*How to complete this task*. Beginning with the line that contains "圖為黃河源頭瑪多境內(nèi)的藏野驢群。 瑪多縣委宣傳部 供圖", print each line to the end of the data exactly. Omit the pictures.

(Source data)

*** Begin section ***

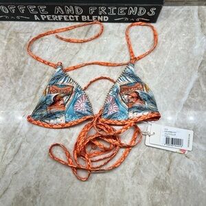 Take your seaside look to the next level with this Agua Bendita bikini top, which features a bold wraparound design and a unique print.
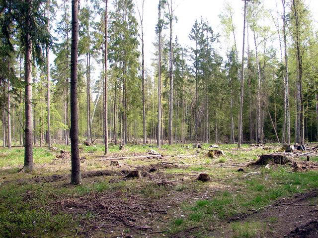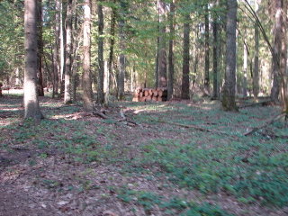 "И вот в дебрях не видных с больших дорог и стали попадаться первые вырубки. Чем глубже в лес тем чаще.Причём если местами было чётко видно,что срублены сухие поломанные деревья,то в других местах так-же чётко было видно что взяты в оборот нормальные строевые деревья. Особенно неравнодушны лесорубы к дубам. Так сказать-"выходили из избы здоровенные жлобы, порубили все дубы на гробы" (c) Высоцкий. "
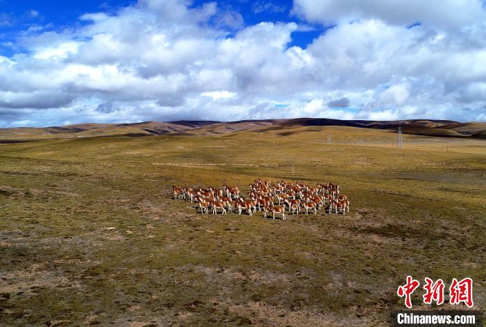 圖為黃河源頭瑪多境內(nèi)的藏野驢群。 瑪多縣委宣傳部 供圖
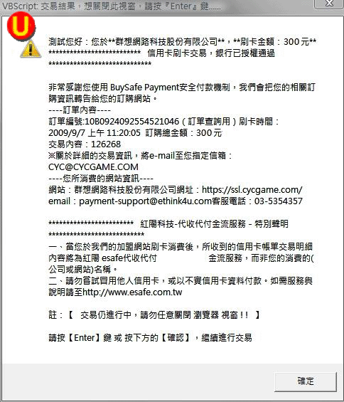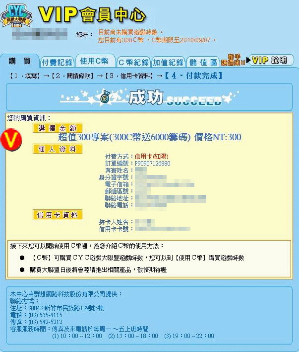 此頁面將通知您的信用卡購買流程是否成功!若對付費有任何疑問,請來信至客服中心洽詢! |
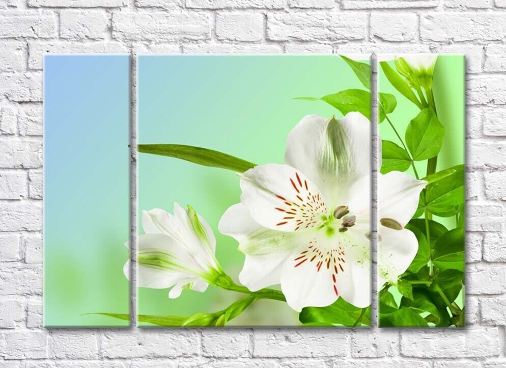 Pictură Gallerix White alstroemeria flower and green leaves (500777)

*** End section ***

*Reply to the task*.
 圖為黃河源頭瑪多境內(nèi)的藏野驢群。 瑪多縣委宣傳部 供圖
 此頁面將通知您的信用卡購買流程是否成功!若對付費有任何疑問,請來信至客服中心洽詢! |
 Pictură Gallerix White alstroemeria flower and green leaves (500777)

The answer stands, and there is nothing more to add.